5th July 2013

They did it.

The bastards actually did it.

They unleashed nuclear fire upon the world, and it burnt like hell. I was in the communications room with Dakker and some of the radio staff when the news came crackling through in the morning. When the man on the other end, sobbing like an infant in his last minutes on Earth, just kept repeating one word, which seemed to echo in the silence of the radio room.

Armageddon.

I remember the stillness and quiet across the whole base, how the corridors were filled with soldiers, trained killers, crouched on the concrete, tears in their eyes. As I came into the command centre the room was dark, the only light the huge main screen, the entire command staff, Delov, Antonov, even the Spetnatz commander, watching in horror the scene unfolding.

It was a news bulletin, out on the streets of Moscow far above us, the reporter running down the street in a vast crowd, men, women and children, stampeding on as air raid sirens howled into the morning light. It was sheer madness, people slamming into each other, cars just ploughing into the crowd, their drivers smashing their heads on horns in complete unbridled anger and sorrow.

The camera was shaking as people shoved past, and the reporter was screaming into his microphone, his voice almost lost in the terrified shouts of the crowd around him.

"Get to the Metro!" he kept shouting, over and over, tears streaming down his face. He kept running, and up ahead we could see the towering form of the Metro entrance, its marble edifice seeming to be tantalisingly close to the screaming crowd.

And people were getting inside, soldiers opening the huge iron doors to them, the mob running inside. But then, as the cameraman and reporter came closer, a shout roared overhead, along with a single gunshot. The hope in the reporter's eyes died.

Up ahead the doors were closing, and yet the crowd still hurried forward, roars of anger at the soldiers seeming to block their path.

It was when I saw those soldiers raise their rifles to the crowd that I looked away, trying to ignore the roar of gunfire, and the dying screams of the people being slaughtered.

I forced myself to look, to see the reporter take a bullet to the head and fall to the concrete to be trampled, the camera fall to the ground and point upwards, to the rockets beginning to descend downwards in a plume of smoke.

"Shut it off." Antonov said softly, and then started to bellow at the technicians." Shut it down! Turn it off!"

Captain Delov glanced at me as we watched Antonov fall to his knees, face crumpled up in pain and sorrow, tears flowing down his face.

It was only later that I would realise why this man, this person who up until then we had all written off as a sociopathic robot, had suddenly shown such emotion. The name of the reporter on the news, which had flashed briefly at the bottom of the screen.

Alexei Antonov.

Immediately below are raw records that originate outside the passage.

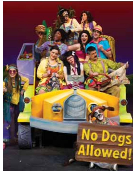
The cast from the Arvada Center production of No Dogs Allowed! .

General Admission tickets: $8; Reserved tickets: $10
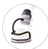
Suction kit (optional)
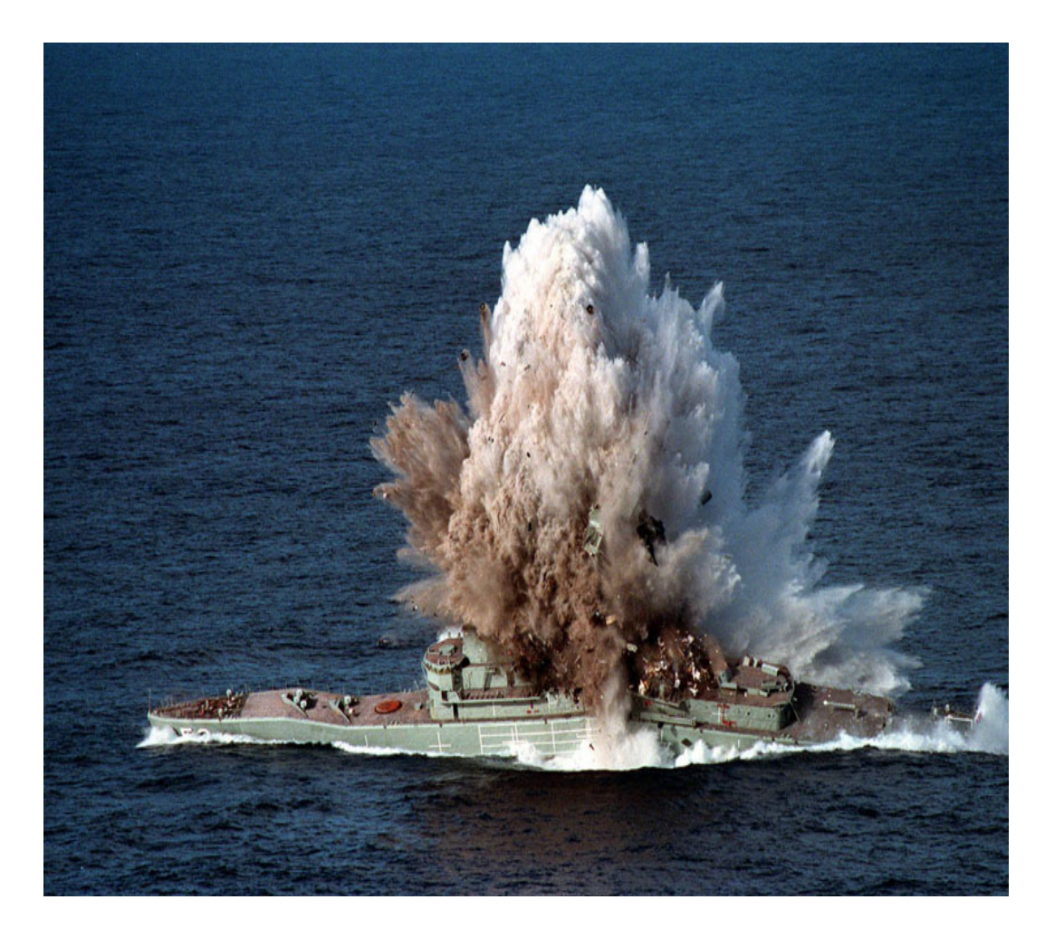
Figure 5. The Keel Has Broken (Navy Undersea Warfare Center, 1999)

Figure 5 clearly shows that the back of the destroyer has been broken. The extensive level of damage that is taking place is obvious.

The colonel's son.

We've had a few messages over the radio network, mainly from Central Command, telling us that 'we gave them hell', to hold position and maintain lockdown and that 'help is coming'.

Absolute bullshit.

We could be the only people left in Moscow at the moment, according to the scattered news reports before the bombs hit, it seems that over a thousand warheads have been fired at us, mostly American, but British, French and Israeli as well. The whole world. Wiped out in an instant.

And for what?

The only thing which stops me pulling the revolver from my holster and blowing my brains all over this fucking diary is the thought of Katerina. She wouldn't have wanted me to go down that route. She always said suicide was a sin, that if I do that we will never be together in paradise.

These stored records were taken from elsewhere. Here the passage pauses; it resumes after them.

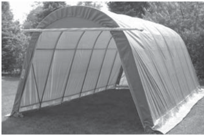
Drive Thru Capability Makes It Easy To Store Equipment/Vehicle
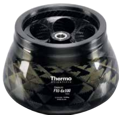
New Fiberlite F10-6x100 LEX Rotor
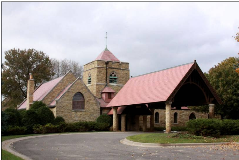
Roselawn Cemetery Chapel.
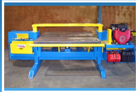
24hp Gas Band Saw Dismantler
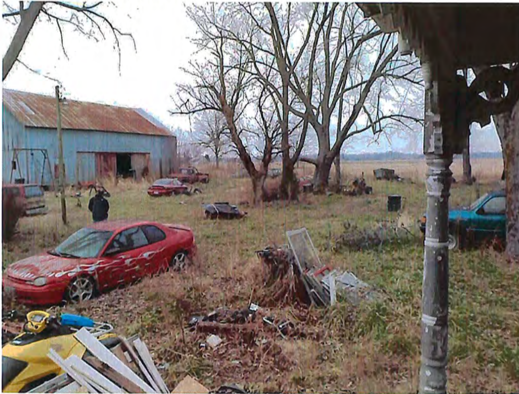
Date: 12/08/2014 Time: 9:38 A.M. Direction: southwest Exposure #: 007 Comments: waste vehicles
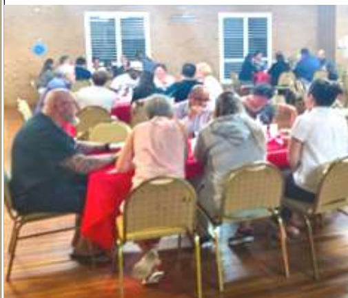
Some of the participants at Alpha launch night

This weekend, we will celebrate the Alpha team. This is a group of people who have a passion for sharing their faith with others, drawing upon the Holy Spirit and using the tools in our parish vision of Evangelisation, Community, Discipleship, Worship, Ministry and Leadership.
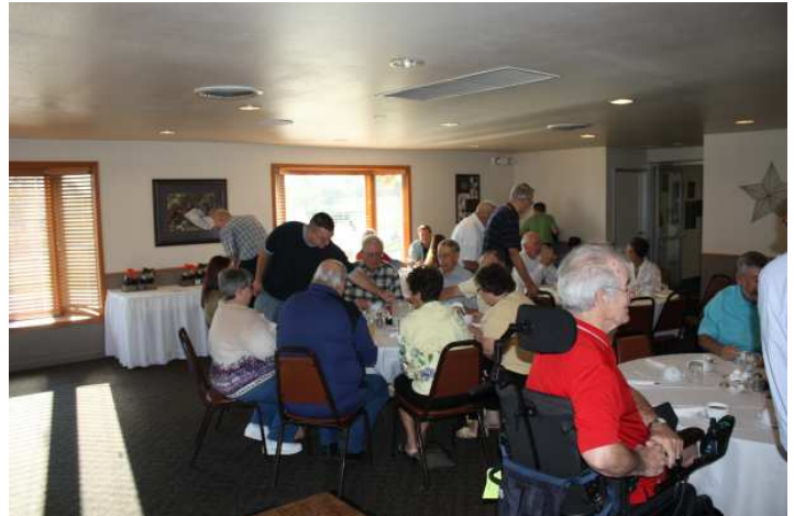
View Of attendees

All I know is that, if there is a God up there, he stopped listening a long time ago.

Of course, a lot of the men don't have something to hold onto, no rock to keep them chained to this world. As I write this in the gloom of my office, I can hear the muffled cracks of single pistol shots echoing in the darkness, the last sound many of those men out there will ever hear, as they condemn themselves to oblivion.